◆ YOUR OBJECTIVE
When you restate the entries that follow, keep every word exactly and drop the pictures.

====

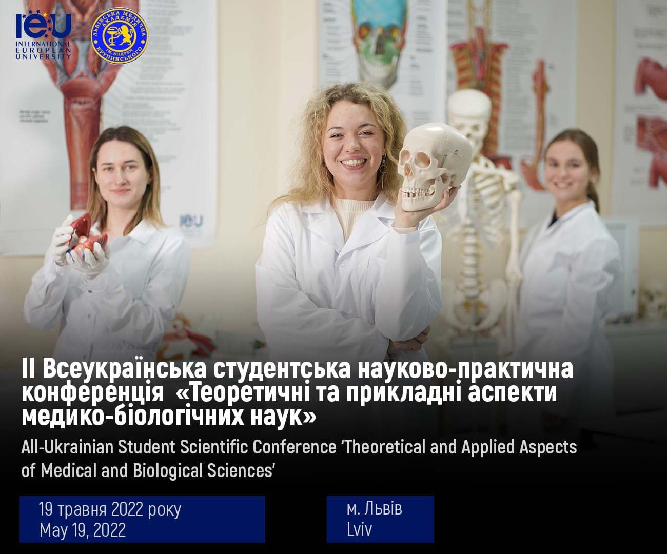 Запрошуються до участі викладачі та студенти у ІІ Всеукраїнській студентській науково-практичній конференції «Теоретичні та прикладні аспекти медико-біологічних наук», яка відбудеться 19 травня 2022 року у м. Львів.
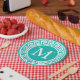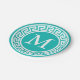 Um fundo turquesa brilhante emparelhado com uma borda chave grega redonda para o seu monograma. Você pode personalizar o estilo e o tamanho da fonte. Crie suas próprias placas de papel para seu evento especial.
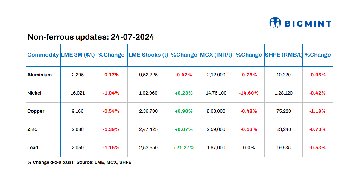 Base metals prices on the London Metal Exchange (LME) showed a downtrend with zinc witnessing the largest decrease of 1.39%. Similarly, metal stocks at LME-registered warehouses showed a positive trend except aluminium with the significant inflow seen in lead which rose by 21.27%.
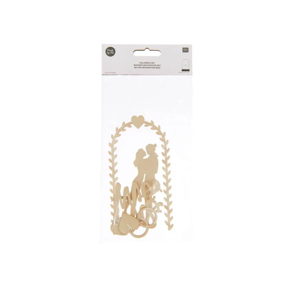 Mit dem 6-teiligen Set lässt sich zur Hochzeit dekorieren. Die Holzteile können unter Dekohauben oder auf Holzscheiben dekoriert werden. Mit Heißklebe lässt sich das Dekoset befestigen.
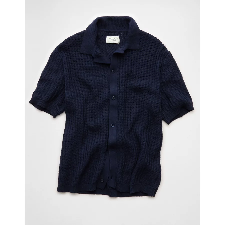 AE Weekend Button-Up Sweater Polo Shirt – Rich Navy
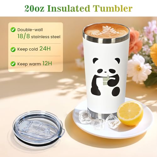 - ¡¼Insulated Vacuum Tumbler¡½: Made of 18/8 food-grade sturdy stainless steel, with double-walled vacuum insulation, this sweat-free 20oz insulated tumbler with lid can preserve beverage temperature up to 24h for cold & 12h for hot, great for iced coffee, tea, wine, juice, champagne, smoothies, sodas, milkshake, etc; this tumbler mug is irresistibly charming with its playful panda illustrations design
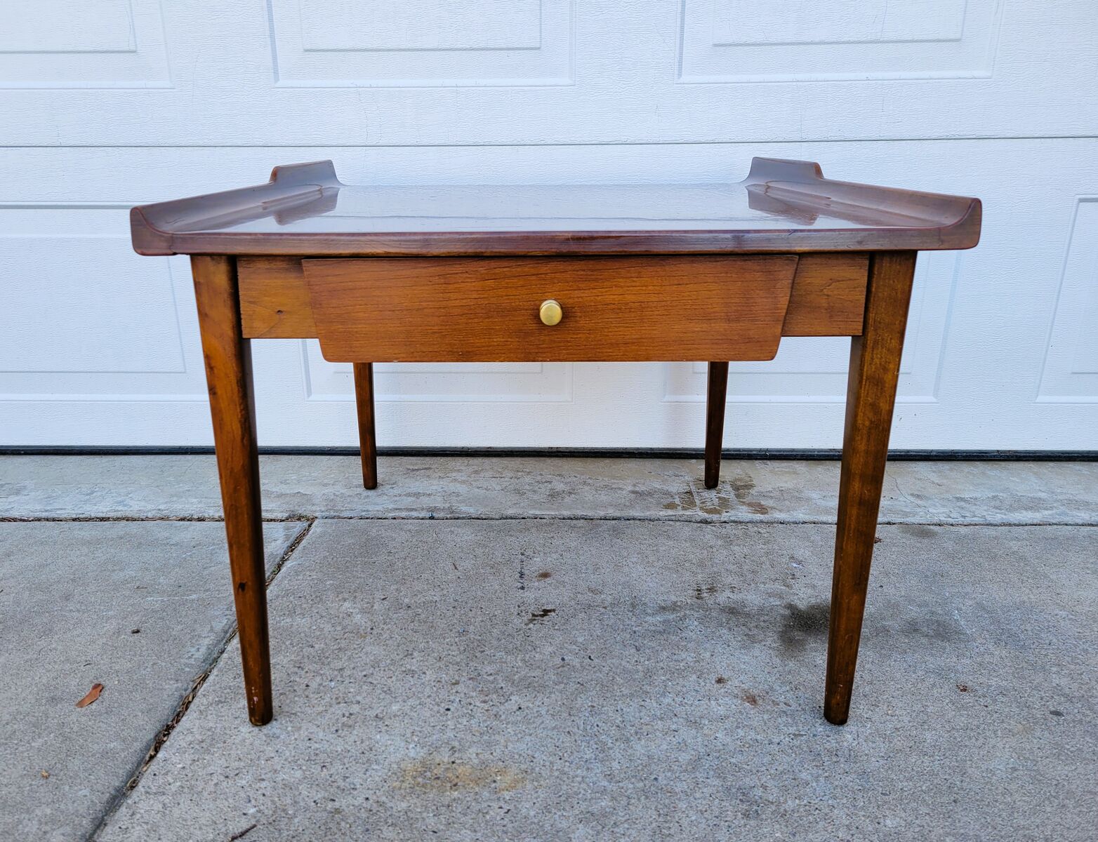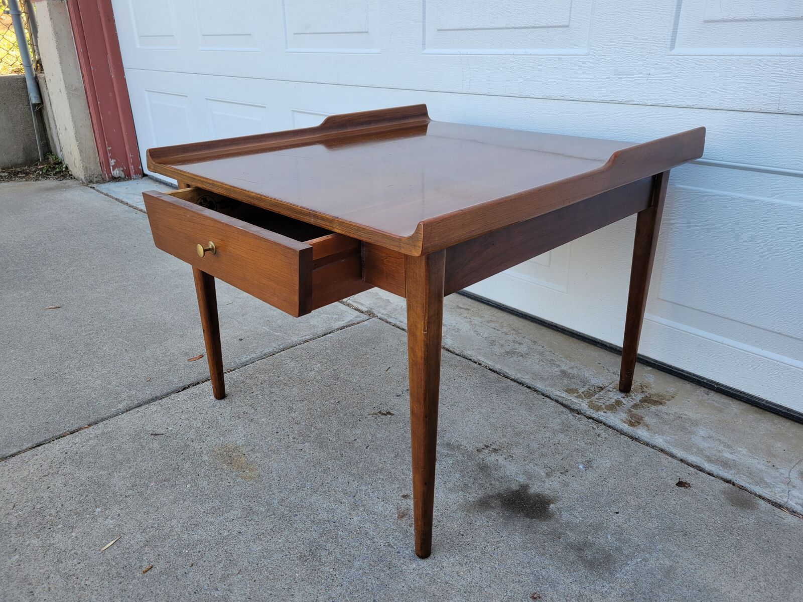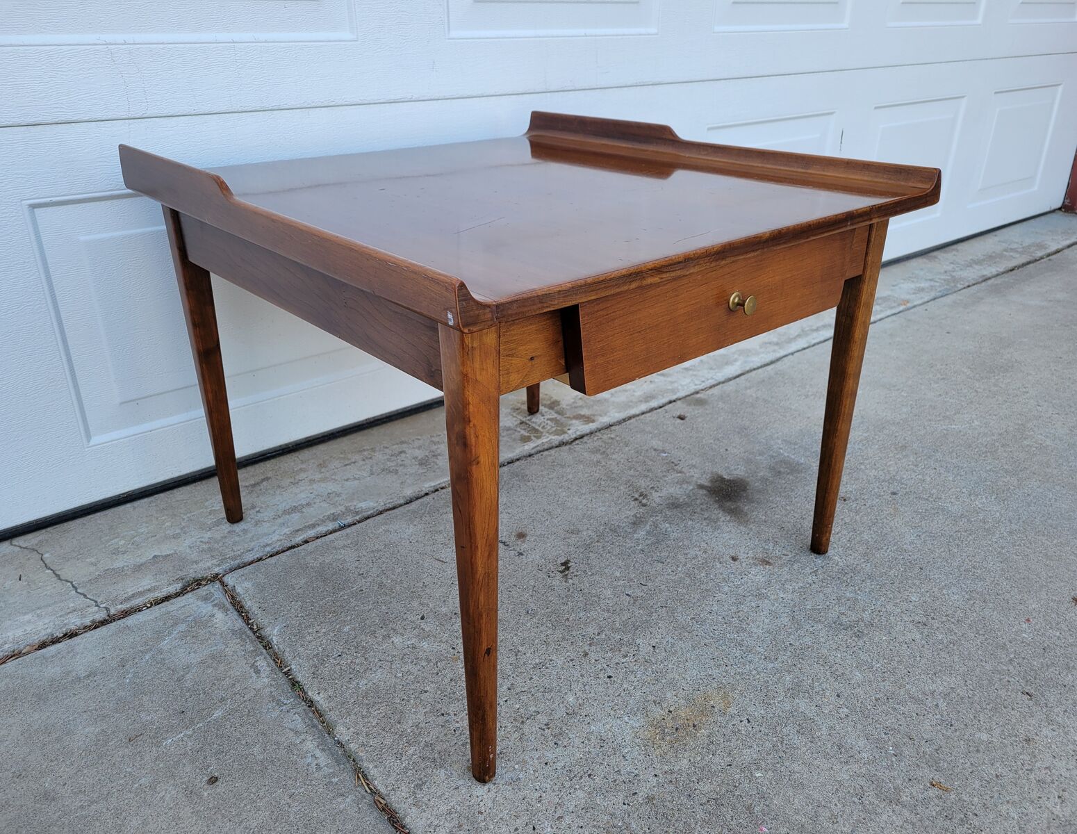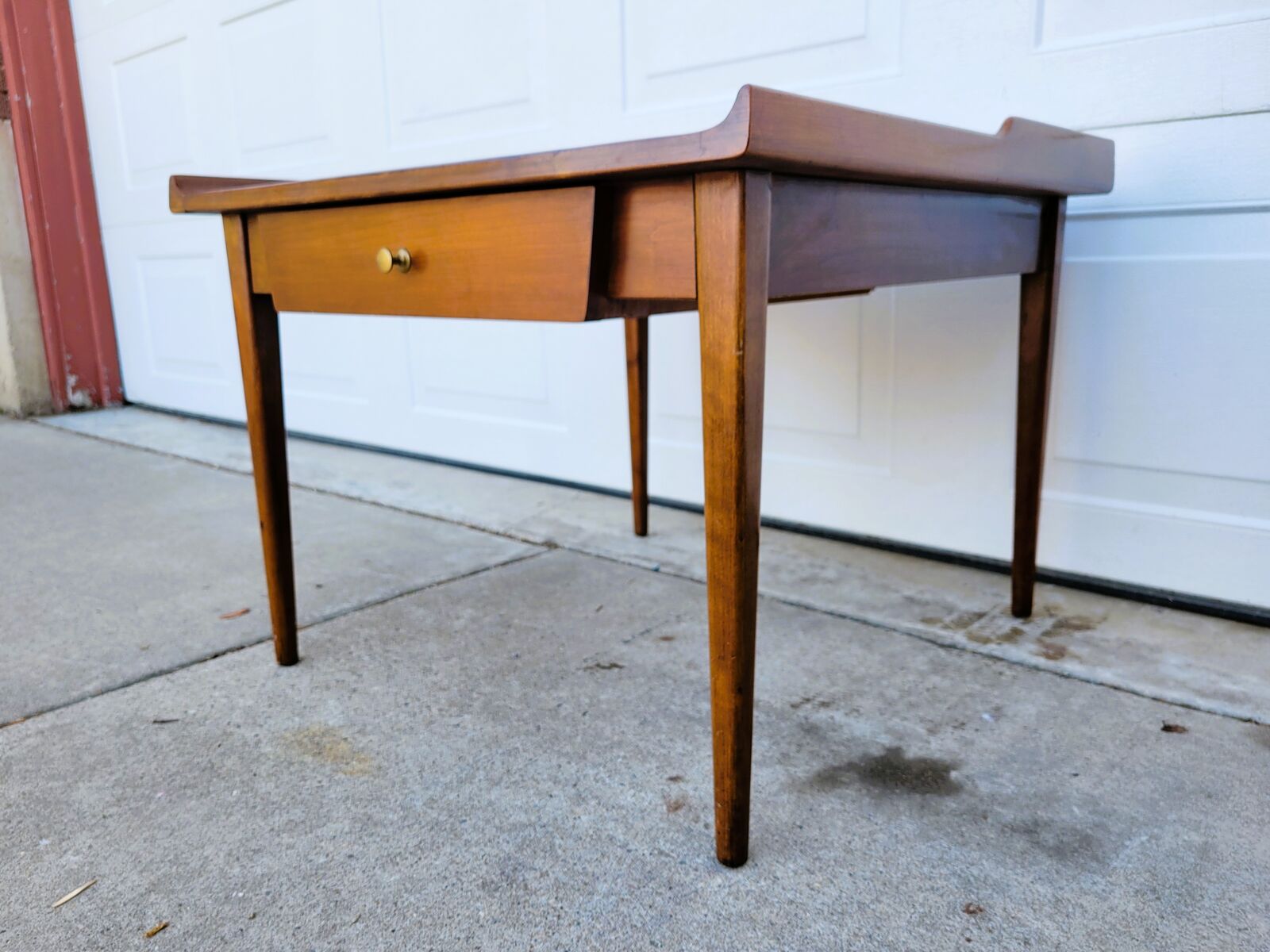This is a gorgeous, solid wood end table/nightstand made in the US by Heywood-Wakefield. Very good condition with just a couple of scratches on top. The drawer glides well and is dovetail construction. Neat and clean. Solid legs. Wonderful addition to any mid century collection.
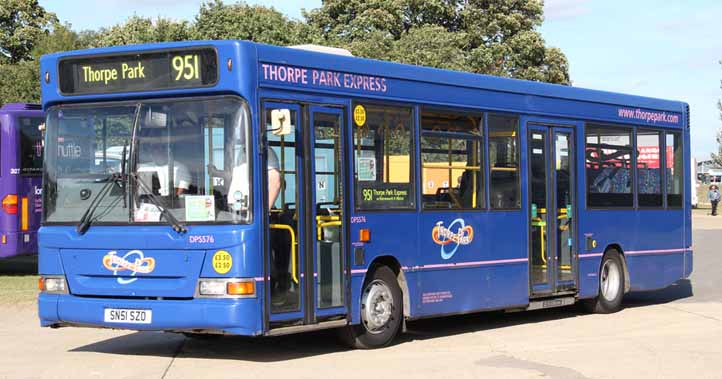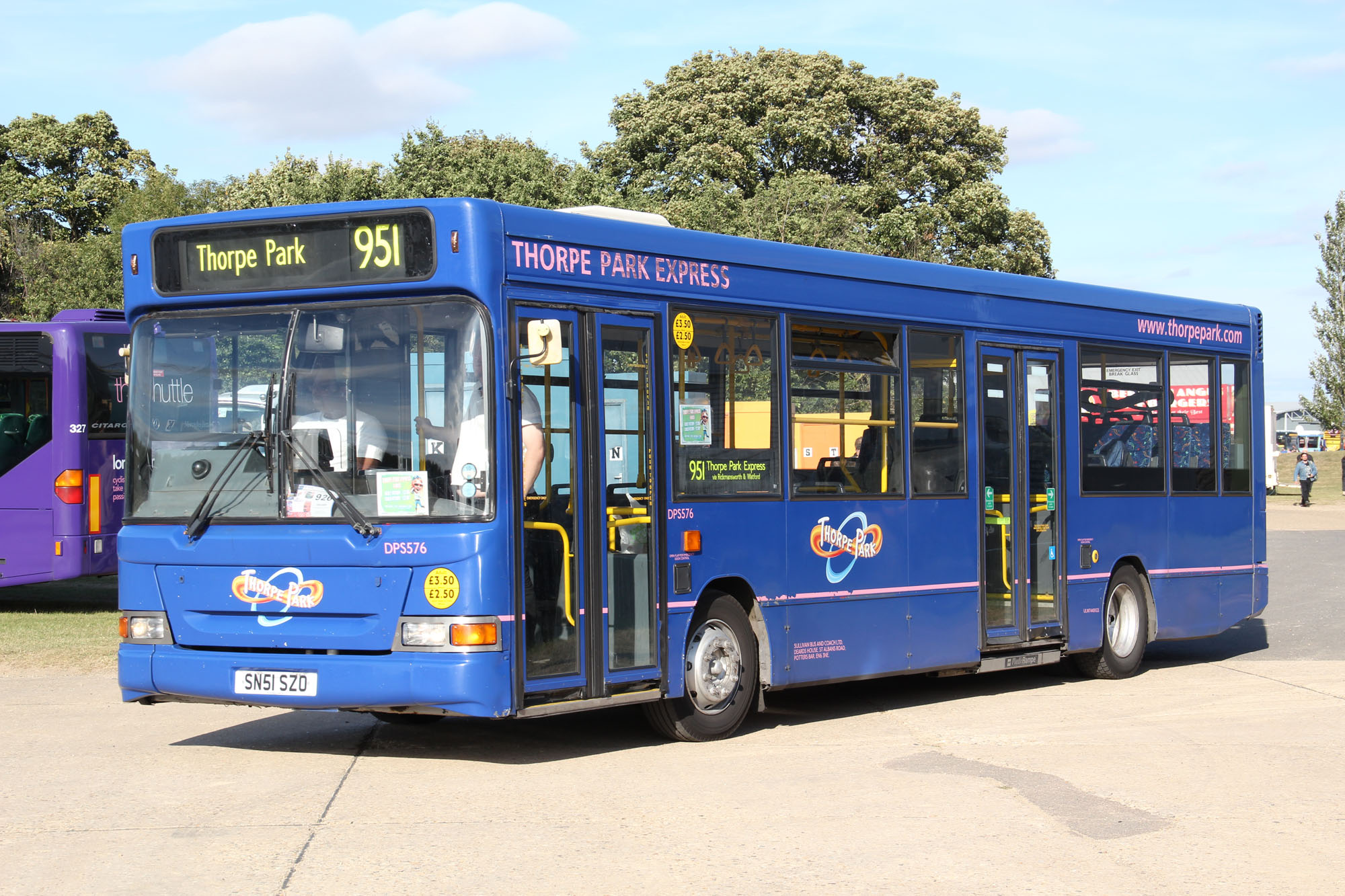 Former London United Dennis Dart Plaxton Pointer DPS576 (SN51SZO) joined Sullivans Buses for use on their special Thorpe Park Express service. The bus is seen at SHOWBUS 2012.

====

◆ RESPONSE FOR THIS EXERCISE
 Запрошуються до участі викладачі та студенти у ІІ Всеукраїнській студентській науково-практичній конференції «Теоретичні та прикладні аспекти медико-біологічних наук», яка відбудеться 19 травня 2022 року у м. Львів.
 Um fundo turquesa brilhante emparelhado com uma borda chave grega redonda para o seu monograma. Você pode personalizar o estilo e o tamanho da fonte. Crie suas próprias placas de papel para seu evento especial.
 Base metals prices on the London Metal Exchange (LME) showed a downtrend with zinc witnessing the largest decrease of 1.39%. Similarly, metal stocks at LME-registered warehouses showed a positive trend except aluminium with the significant inflow seen in lead which rose by 21.27%.
 Mit dem 6-teiligen Set lässt sich zur Hochzeit dekorieren. Die Holzteile können unter Dekohauben oder auf Holzscheiben dekoriert werden. Mit Heißklebe lässt sich das Dekoset befestigen.
 AE Weekend Button-Up Sweater Polo Shirt – Rich Navy
 - ¡¼Insulated Vacuum Tumbler¡½: Made of 18/8 food-grade sturdy stainless steel, with double-walled vacuum insulation, this sweat-free 20oz insulated tumbler with lid can preserve beverage temperature up to 24h for cold & 12h for hot, great for iced coffee, tea, wine, juice, champagne, smoothies, sodas, milkshake, etc; this tumbler mug is irresistibly charming with its playful panda illustrations design
This is a gorgeous, solid wood end table/nightstand made in the US by Heywood-Wakefield. Very good condition with just a couple of scratches on top. The drawer glides well and is dovetail construction. Neat and clean. Solid legs. Wonderful addition to any mid century collection.
 Former London United Dennis Dart Plaxton Pointer DPS576 (SN51SZO) joined Sullivans Buses for use on their special Thorpe Park Express service. The bus is seen at SHOWBUS 2012.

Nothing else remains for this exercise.